Although the other mortgages were put in evidence the later mortgage given in connection with the fire damage was not put in evidence. We know almost nothing about it: we do not know the year it was granted, the amount of the indebtedness it secured, the amount of the monthly payments, the property it covered, whether it financed total reconstruction or only limited repairs, or whether or not its purpose might have extended to other business pursuits of the mortgagor besides Bill’s Esso Station. What we do know is that the parties could not have anticipated the fire, therefore this mortgage was not contemplated when the counter letter was signed. There has been no modification of the agreement since it was made in 1961. All mortgages in effect in 1961 were cancelled no later than September 3, 1963. On that date Gahagan, for an investment of only $3,500, had naked ownership of a half interest in a mortgage-free business worth then at least the purchase price of $59,000 and now, according to the testimony, worth $250,000. Sixteen years after the agreement supposedly terminated according to the majority’s construction of it, Gahagan approached Adkins for the first time “in order to reach a new agreement.” In my opinion inaction for these 16 years, at least two and perhaps more years during which there were no mortgages on the property, convincingly establishes, in the light of the language of the counter letter and all the other evidence, that this was a usufruct that was not limited by a term or a condition.

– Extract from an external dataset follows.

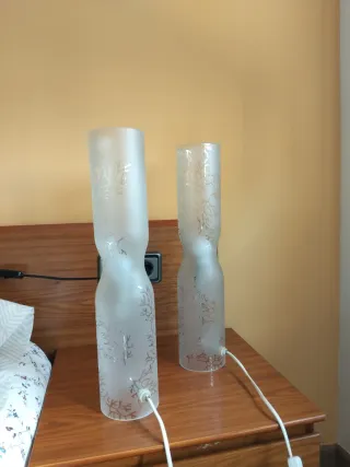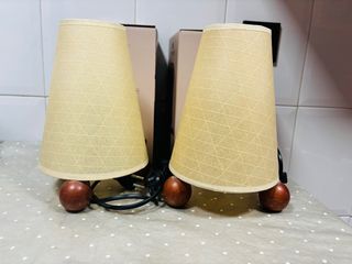 Belli lampadari da comodino, ideali per un'illuminazione calda. Si vendono insieme. Design elegante e semplice. Schermo di carta con texture. Base in legno di rovere marrone. Due lampade incluse.

For these reasons I dissent. I am of the opinion that Gahagan owned only the naked ownership of an undivided one-half interest. Since the property cannot be partitioned in kind and under these circumstances partition by licitation is not allowed (see La.Civil Code art. 543), I would reverse the trial court’s judgment ordering a partition by licitation and render a judgment in favor of Adkins dismissing the suit.